Additionally uncommon was the concept jazz would accompany a kids’s animated particular. CBS execs had been reportedly sad concerning the alternative. And so, maybe (or maybe not?), was Schulz himself. Derrick Bang, a biographer of Guaraldi and a Northern California–primarily based Peanuts historian, informed me that Mendelson’s alternative of Guaraldi was “radical,” and defined that, although some Individuals on the time nonetheless regarded jazz because the “satan’s music,” the affect of bossa nova on Guaraldi’s compositions for the particular supplied a model of the style to audiences that felt extra light. “It conveys emotion superbly,” Bang mentioned of Guaraldi’s rating. “I imply, have you ever ever heard something musically that appears like falling snow higher than the composition ‘Skating’?”

Maybe sarcastically, Guaraldi was a local of San Francisco, the place snowfall is uncommon. However his soundtrack transports listeners to a specific geography; Clark, who, like Schulz, grew up within the Midwest, informed me that, as a baby of the plains, he considered the story and its environs as “my factor.”

For others, like myself, who weren’t raised in these kinds of landscapes, the album rendered extra like a whimsical but pensive reverie, an aspiration to a time of yr and a temper that half-existed, if in any respect. It evoked a spot we’d been to however by no means lived in. It’s what a music critic as soon as known as “excellent dysfunctional vacation music” with “small, observant miracles,” or, as one other wrote within the Los Angeles Occasions in 2012, an illustration of “how a piano, bass and drums can seize a sense and character in dwelling shade, notably if these emotions are complicated, conflicted and even just too stunning for phrases.”


Bang remembers watching the premiere of A Charlie Brown Christmas on December 9, 1965. He was 10, and he remembers that he wore pajamas. He remembers being “transfixed” by the music, and that the top credit rolled in a short time—too rapidly, in reality, for him to determine who had composed what he’d simply heard. A couple of years later, when he realized that the soundtrack was one thing he may truly personal, he went out and acquired a replica of the album. He nonetheless listens to it, he mentioned, and never solely through the vacation season.

In Bang’s estimation, Guaraldi will, inside a number of many years, be as beloved and revered as George Gershwin or Irving Berlin, part of the American musical custom. “I defy anyone to hearken to an hour of Guaraldi’s music with out smiling,” he mentioned, including that one of many individuals he interviewed for his e-book about Guaraldi informed him that the pianist was “essentially the most well-known jazz musician whose identify most individuals don’t know.”

“One attention-grabbing take a look at is that while you encounter someone who says they don’t like jazz,” you ask them, “‘Have you ever watched A Charlie Brown Christmas?’” Bang steered.
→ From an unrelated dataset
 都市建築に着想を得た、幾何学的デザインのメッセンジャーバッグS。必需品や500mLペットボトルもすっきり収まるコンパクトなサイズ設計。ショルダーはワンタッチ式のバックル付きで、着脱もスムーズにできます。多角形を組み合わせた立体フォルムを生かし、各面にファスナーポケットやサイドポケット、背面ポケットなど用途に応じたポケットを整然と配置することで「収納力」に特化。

Many, in fact, have, and a few say that the album was, in reality, their first style of jazz—a gateway drug, if you’ll. It was definitely the primary jazz music I’d ever heard, although my actual introduction would come many years later, once I encountered the pianist Keith Jarrett’s The Köln Live performance—a really totally different work that nonetheless imparts its personal feeling of melancholy. (I requested Bang for a definitive reply to the query of whether or not Schulz truly preferred the Guaraldi rating. He defined that Schulz was a classical-music fan, however that he revered his collaborators’ abilities and the group didn’t argue over inventive decisions. “That’s why they had been in a position to collaborate efficiently for thus lengthy,” he defined. “And, over time, Schulz got here to get pleasure from Guaraldi’s model of jazz.”)
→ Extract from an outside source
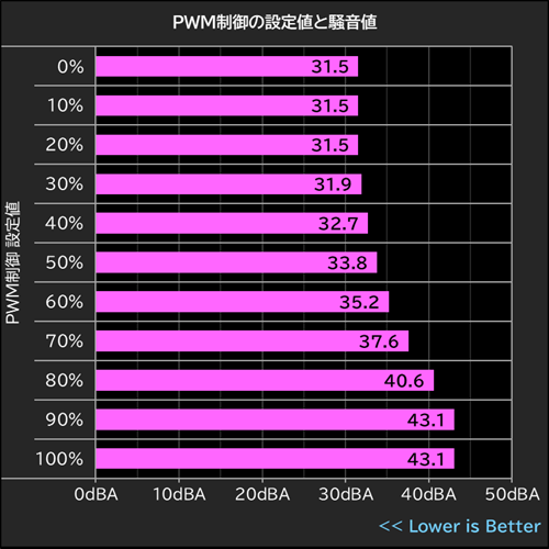 一方、騒音値については、PWM制御0~20%までは電源オフ時と同等の31.5dBAを維持しており、その後はファン回転数が最大に達するPWM制御90%の43.1dBAまで段階的に上昇している。体感的にもファン回転数が1,000rpmに達するPWM制御30%未満の動作音は非常に小さく、PWM制御50%を超えたあたりから動作音が大きくなる印象だった。

The soundtrack has turn into solely extra omnipresent through the years: In 1998, Starbucks started promoting the album in shops; in 2012, the Grammy Corridor of Fame composition was acknowledged by the Library of Congress’s Nationwide Recording Registry, which deemed it “culturally, traditionally or aesthetically important.” (A Prince album made it into the registry that very same yr.) In 2020, greater than half a century after its preliminary launch, A Charlie Brown Christmas hit the Billboard High 10 for the primary time; in 2021, Billboard ranked it the best vacation album ever.

The yr after that, the Recording Business Affiliation of America licensed gross sales of 5 million models, making A Charlie Brown Christmas the second-best-selling jazz album in historical past. The highest spot goes to Miles Davis’s Form of Blue, however Sig Sigworth, the president of Craft Recordings, informed me that the Charlie Brown Christmas soundtrack could surpass Form of Blue by hitting the 6 million mark as early as subsequent month. I informed him this appears like an enormous deal. “It’s a pleasant competitors,” he mentioned. On the day I spoke with Sigworth, A Charlie Brown Christmas was the No. 1 document on Amazon, forward of Taylor Swift and the Ok-Pop Demon Hunters soundtrack.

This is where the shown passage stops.